■ Exercise brief: Would you repeat the listing below exactly, with no pictures in it?
== Segment start ==
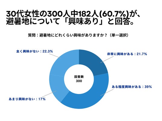 30代女性の300人を対象とした「避暑地にどれくらい興味がありますか?」というアンケートで182人(60.7%)が「避暑地について興味あり」という結果になりました。
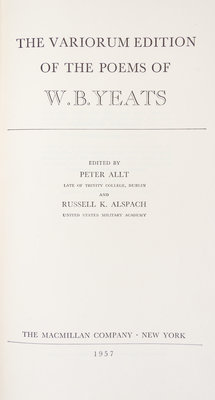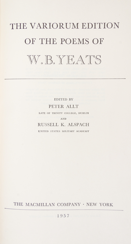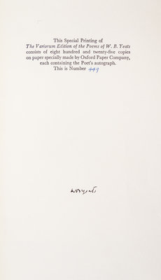 The variorum edition of the poems of W. B. Yeats. New York: The Macmillan Company, 1957. Signed by the author on the limitation page. Publisher's cloth boards (24cm tall) with gilt lettering at spine, slipcase. Limited edition number 449 of 825. Toning to slipcase; light sunning to spine; otherwise fine condition.
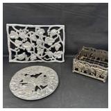 Lot #71 Vintage Metal Trivet Set & Decorative Napkin Holder Basket Lot
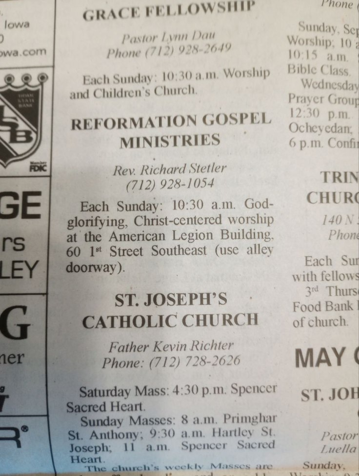 On July 27th we held a Gospel in the Park (“GiP”) at the City Park in Sheldon, IA – Though we had a light turnout for the GiP in July, we received positive feedback with good gospel singing by those in attendance and the gospel message from Isaiah 53, titled “Who is Your Savior.” The message was preached by Rev. Richard Stetler.
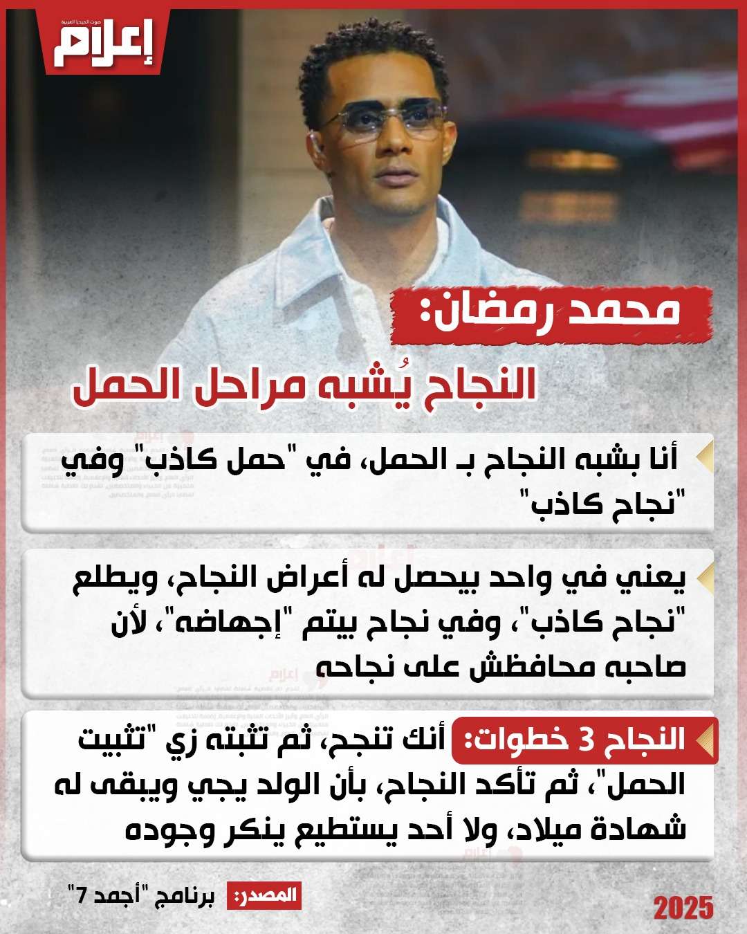 كما تحدث "رمضان" عن سر خلطة النجاح، مشيرًا إلى أنه يرى أن النجاح أشبه بمراحل الحمل، فهناك "نجاح كاذب" كـ "الحمل الكاذب"، مفسرًا حديثه بأن قد يظهر على أحدهما أعراض النجاح ويتنبأ له الجميع بمستقبل ونجاح باهر، لكن يتضح فيما بعد أنه "نجاح كاذب"، كما يوجد نجاح "يتم إجهاضه" -على حد تعبيره-، مؤكدًا أن ذلك يحدث حين لا يحافظ صاحبه على استمرارية نجاحه.
== Segment end ==
■ Answer to this task:
 30代女性の300人を対象とした「避暑地にどれくらい興味がありますか?」というアンケートで182人(60.7%)が「避暑地について興味あり」という結果になりました。
 The variorum edition of the poems of W. B. Yeats. New York: The Macmillan Company, 1957. Signed by the author on the limitation page. Publisher's cloth boards (24cm tall) with gilt lettering at spine, slipcase. Limited edition number 449 of 825. Toning to slipcase; light sunning to spine; otherwise fine condition.
 Lot #71 Vintage Metal Trivet Set & Decorative Napkin Holder Basket Lot
 On July 27th we held a Gospel in the Park (“GiP”) at the City Park in Sheldon, IA – Though we had a light turnout for the GiP in July, we received positive feedback with good gospel singing by those in attendance and the gospel message from Isaiah 53, titled “Who is Your Savior.” The message was preached by Rev. Richard Stetler.
 كما تحدث "رمضان" عن سر خلطة النجاح، مشيرًا إلى أنه يرى أن النجاح أشبه بمراحل الحمل، فهناك "نجاح كاذب" كـ "الحمل الكاذب"، مفسرًا حديثه بأن قد يظهر على أحدهما أعراض النجاح ويتنبأ له الجميع بمستقبل ونجاح باهر، لكن يتضح فيما بعد أنه "نجاح كاذب"، كما يوجد نجاح "يتم إجهاضه" -على حد تعبيره-، مؤكدًا أن ذلك يحدث حين لا يحافظ صاحبه على استمرارية نجاحه.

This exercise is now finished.